Lord Kennedy, in the Lords, said:

“the Government are mirroring laws that currently exist for serious violence and knife crime.”

He went on to say that

“these measures apply to peaceful protesters, not people carrying knives or causing violence.”—[Official Report, House of Lords, 24 November 2021; Vol. 816, c. 992-993.]

Matt Parr, Her Majesty’s inspector, said that current suspicionless stop and search powers

“are intended to be used by the police to combat serious violence and the carriage of ‘dangerous instruments or offensive weapons’. Using a similar suspicion-less power to target peaceful protesters, who may cause serious (but non-violent) disruption, is a significantly different proposition. Given the potential ‘chilling effect’ on freedom of assembly and expression in terms of discouraging people from attending protests where they may be stopped and searched, we would expect any new suspicion-less powers to be subject to very careful scrutiny by the courts.”

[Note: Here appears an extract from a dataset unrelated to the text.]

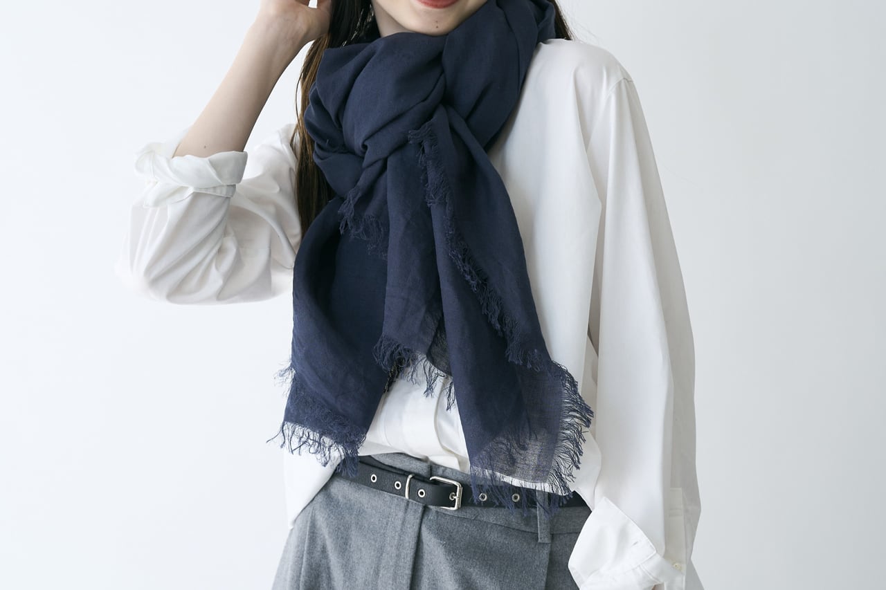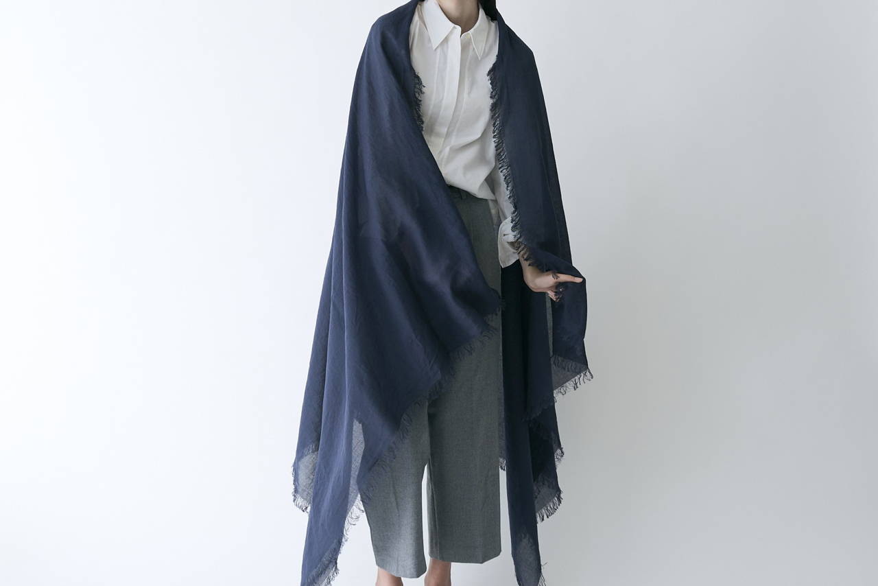 いずれも細い糸で空気感を持つように織られていて、オールシーズンに対応の大判ストールに仕上がっています。春・夏・秋は1枚で、冬場は重ねて巻くとコーディネートの幅も広がります。
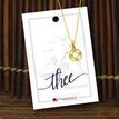 "I Need Thee Every Hour" Roman numeral dainty clock necklace, gold finish, and measures approximately 1/2". This necklace features two interlocking silver circles on a 16 - 18" curb link chain necklace.

In the same document, it was said that

“police officers highlighted operational difficulties in the targeted use of the power. Others were also concerned over the proportionality of any search as well as the potentially intrusive nature when looking for small items.

One officer reflected that the proposal had ‘complications’ – for instance, whether an otherwise innocuous items was really intended to be used to lock-on. He said that having a tube of superglue in your pocket, or chain and padlock that you intend to use to lock your bike, ‘doesn’t prove intent and presents difficulties’.”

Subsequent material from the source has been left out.